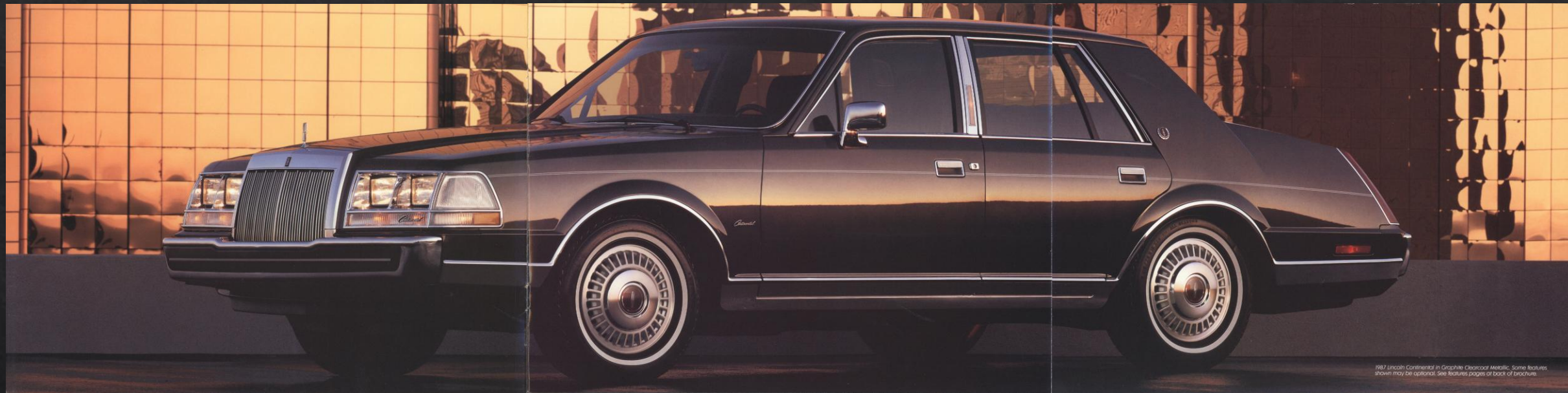
1987 Lincoln Continental in Graphite Clearcoat Metallic. Some features shown may be optional. See features pages at back of brochure.
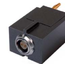
Lemo (2-Pin) PAG-9712L
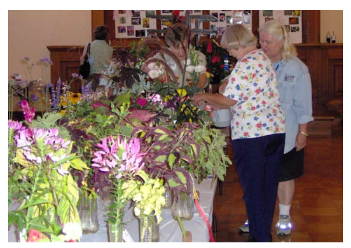
Display tables at the 2006 The Sept.

This year's Flower, Vegetable and Photography show will be held in the MacMillan Auditorium of the Oswald Visitor Center at the Arboretum. The weekend of the 18th and 19th is billed as "Flower Fest" at the Arboretum, and will include both our show and the Arboretum/Federated Garden Club show, along with other special events and classes by the various plant societies.
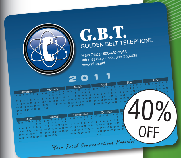
Mouse Pad Calendar

1125 US Hwy 281 Bypass • P.O. 997 • Great Bend, Kansas 67530-0997 (620) 793-6351 • (800) 299-6351 • Fax: (620) 792-5322 GoldenBelt.com
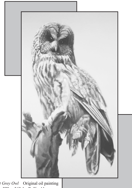
Great Grey Owl Original oil painting 22" x 36" by Rollin Alm
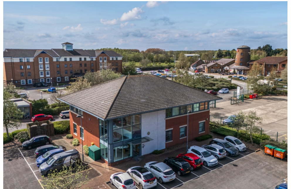
Leidos Building 1, Kingsley Office Park, Runcorn Road, Lincoln, Lincolnshire, LN6 3TA
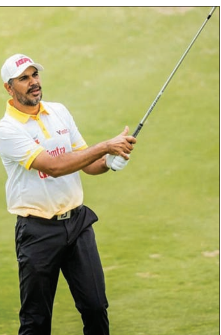
days ensured that India remained represented in the upper half of the leaderboard, even as sev-

The week, however, highlighted the difficulty of the Moroccan layout, with seven other Indian players failing to make the cut after the opening two rounds. Bhullar's consistency over four
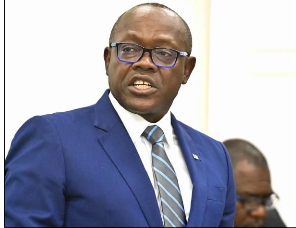
Deputy Prime Minister, and Minister of Education, Science, and Technology, Hon. Chester Cooper
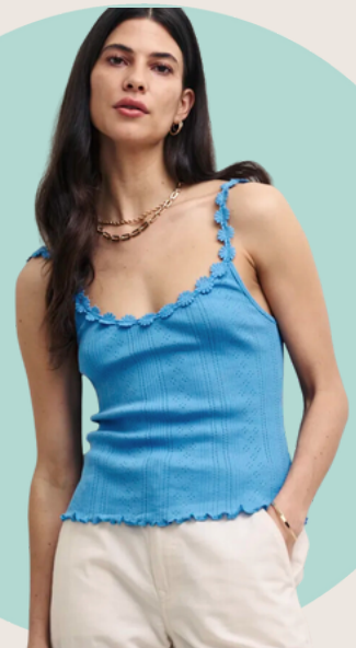
Daisy chain trim top Nobody's child | Shop the look
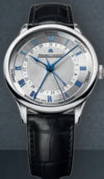
N°40.1 5 AIGUILLES MP6507-SS001-110 Automatic movement, Ø 40 mm stainless steel case.
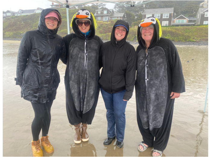
Puffin costumes at the Welcome Home Puffins event

* _Task objective_
Print only the lines running from the one containing "The week, however, highlighted" to the end of the data above, exactly; include no pictures.

* _Reply_
The week, however, highlighted the difficulty of the Moroccan layout, with seven other Indian players failing to make the cut after the opening two rounds. Bhullar's consistency over four
Deputy Prime Minister, and Minister of Education, Science, and Technology, Hon. Chester Cooper
Daisy chain trim top Nobody's child | Shop the look
N°40.1 5 AIGUILLES MP6507-SS001-110 Automatic movement, Ø 40 mm stainless steel case.
Puffin costumes at the Welcome Home Puffins event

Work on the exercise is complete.